── Recorded data
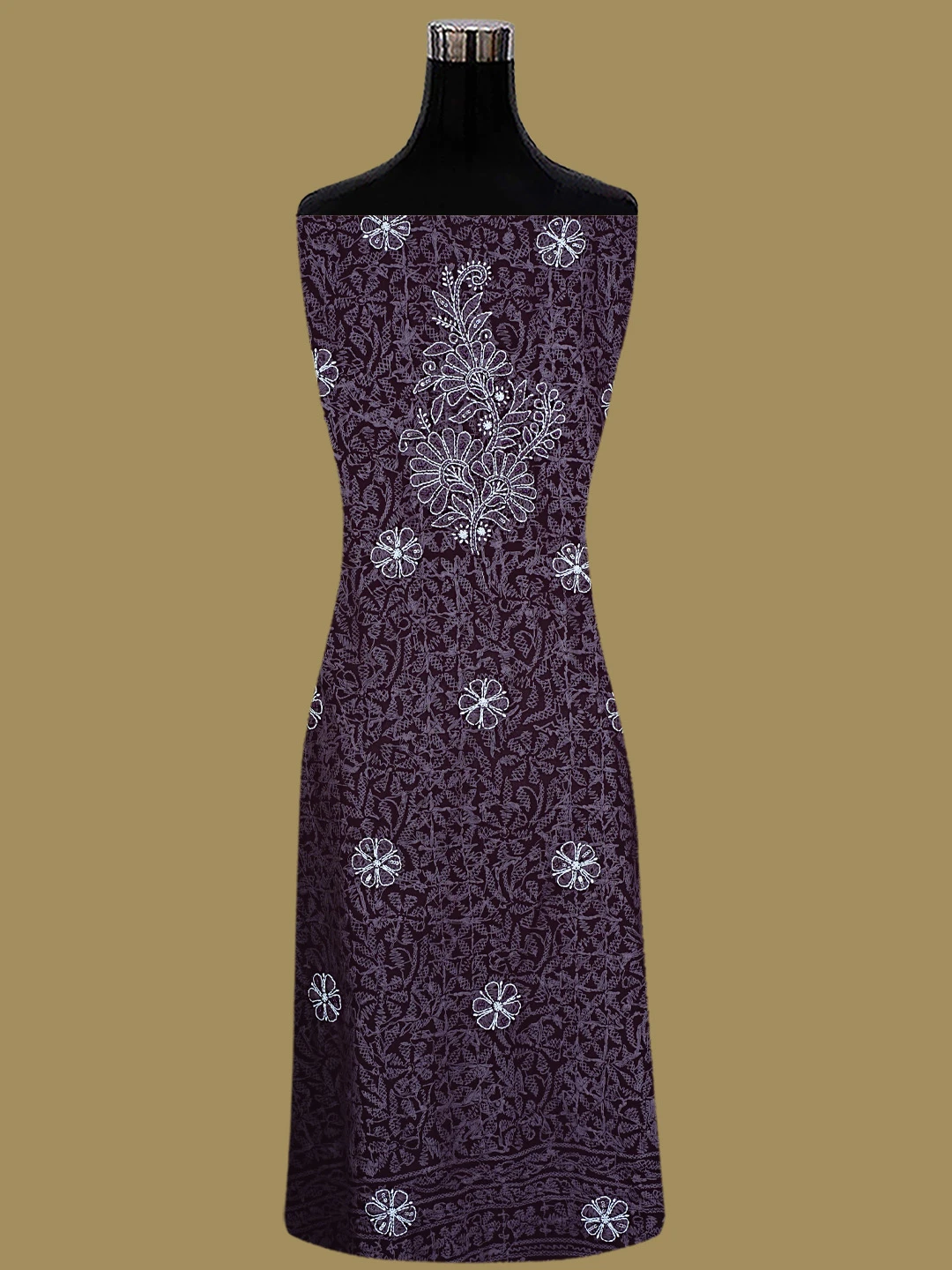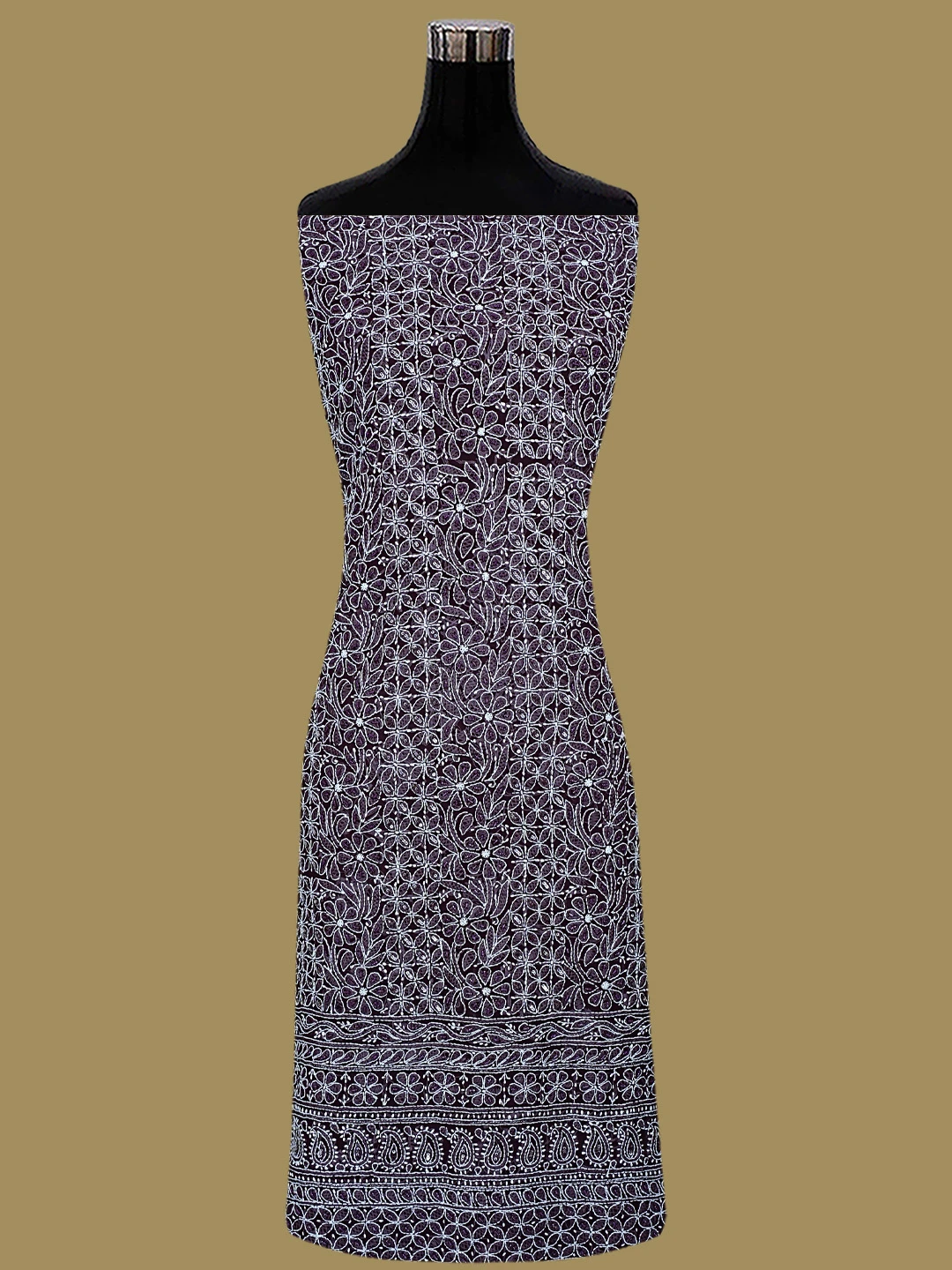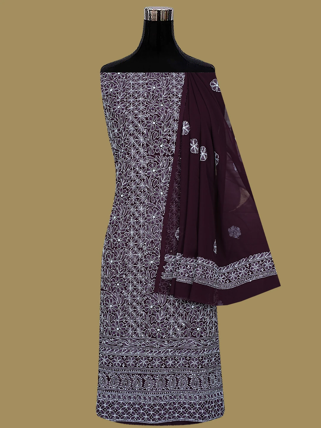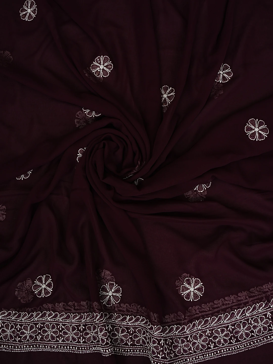 Ada Hand Embroidered Wine Georgette Lucknowi Chikankari Unstitched Suit Piece With Cutdana Work 01A699163
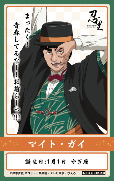 本イベントでは毎月、忍里限定の描き下ろしイラストを使用した、オリジナルバースデーステッカーをプレゼント。1月は、「マイト・ガイ」「我愛羅」「波風ミナト」をお祝いします!
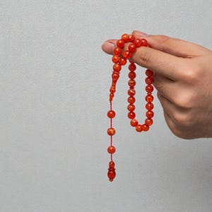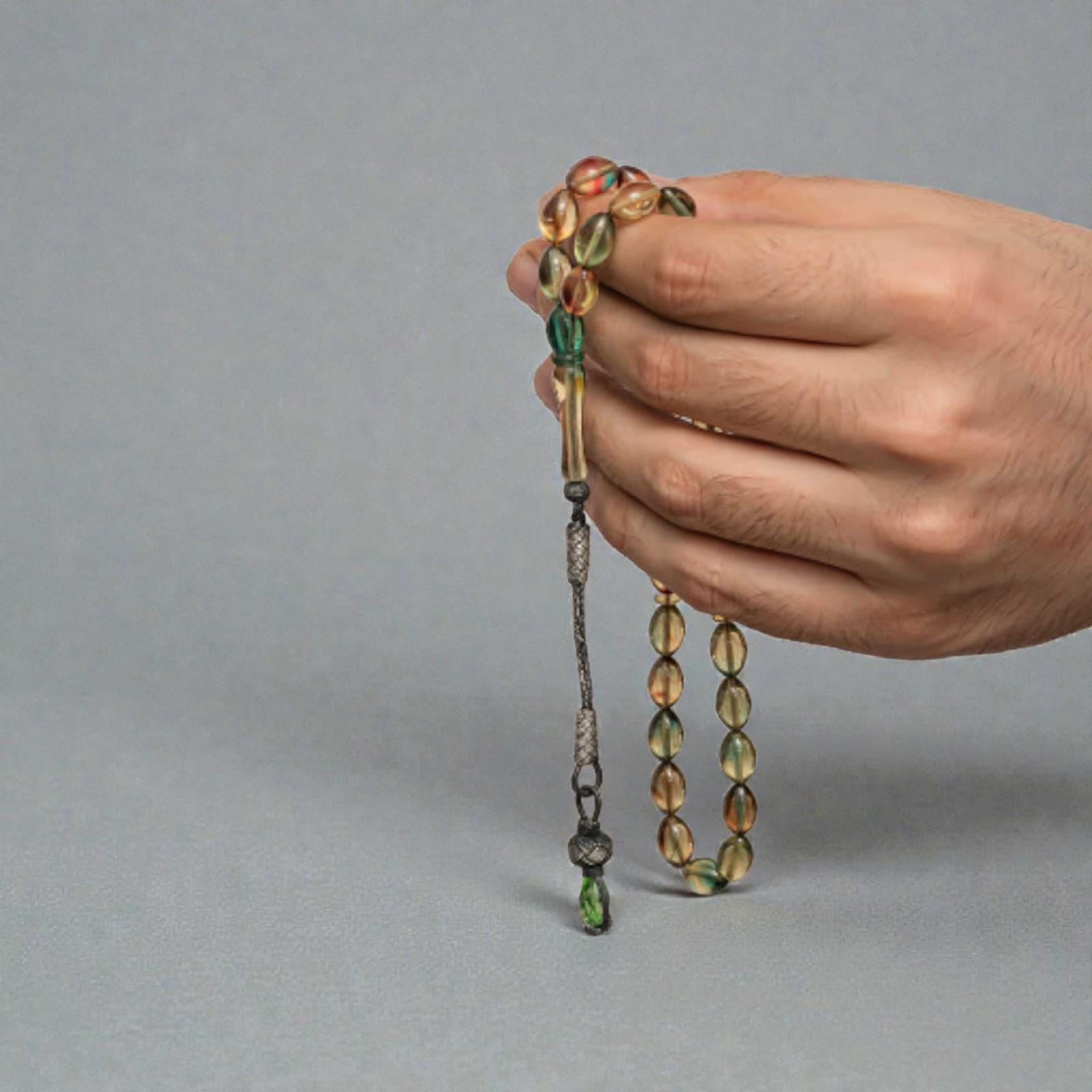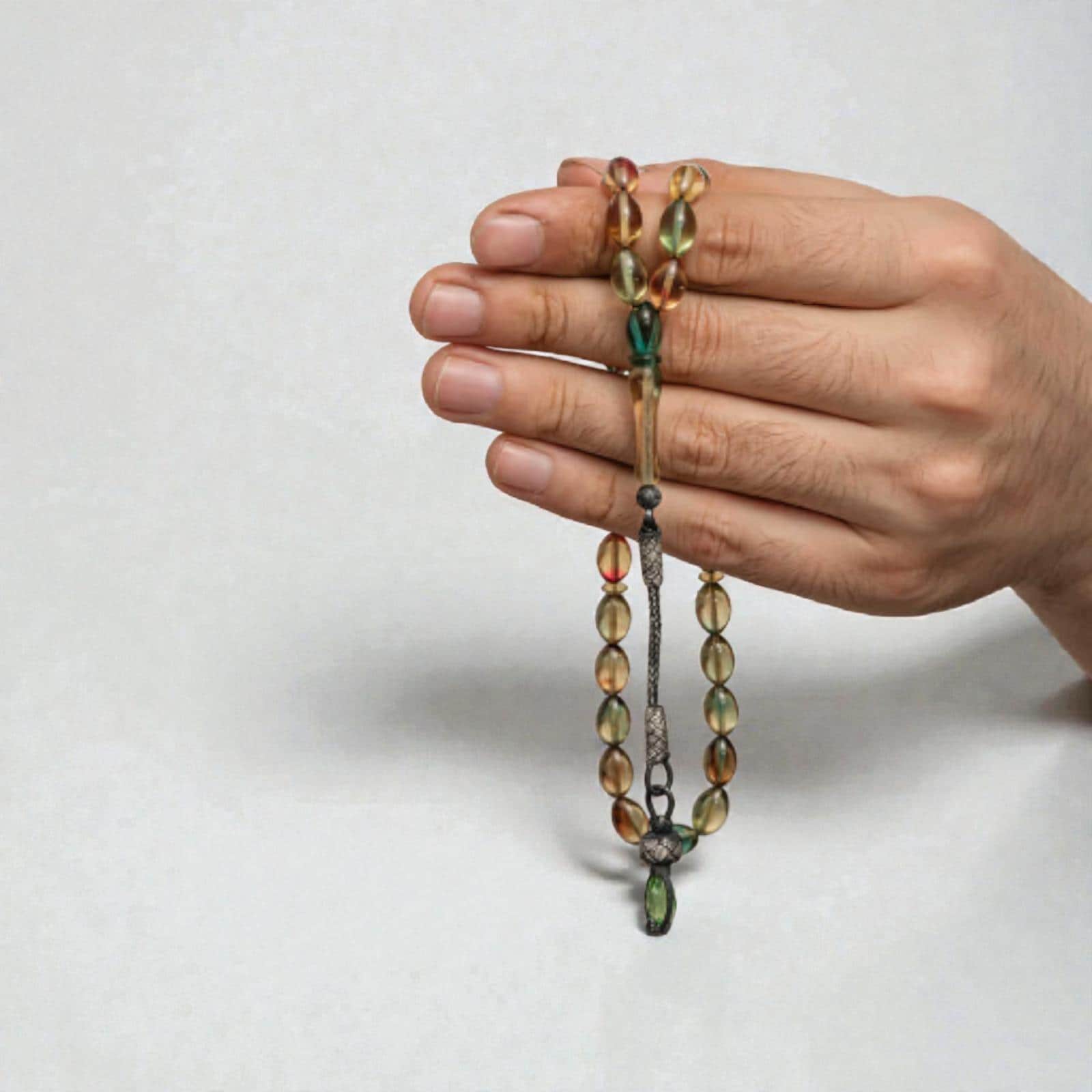 This handcrafted misbaha features beautifully polished pressed amber beads combined with a 1000-grade silver Kazaz knot tassel. Each bead offers a smooth glide, warm touch, and vibrant color reflections. A perfect accessory for daily use, meditation, relaxation, or as a luxury collectible piece.
────
▶ What is being asked
Please transcribe the whole listing above exactly, with the images left out.

▶ Response below
 Ada Hand Embroidered Wine Georgette Lucknowi Chikankari Unstitched Suit Piece With Cutdana Work 01A699163
 本イベントでは毎月、忍里限定の描き下ろしイラストを使用した、オリジナルバースデーステッカーをプレゼント。1月は、「マイト・ガイ」「我愛羅」「波風ミナト」をお祝いします!
 This handcrafted misbaha features beautifully polished pressed amber beads combined with a 1000-grade silver Kazaz knot tassel. Each bead offers a smooth glide, warm touch, and vibrant color reflections. A perfect accessory for daily use, meditation, relaxation, or as a luxury collectible piece.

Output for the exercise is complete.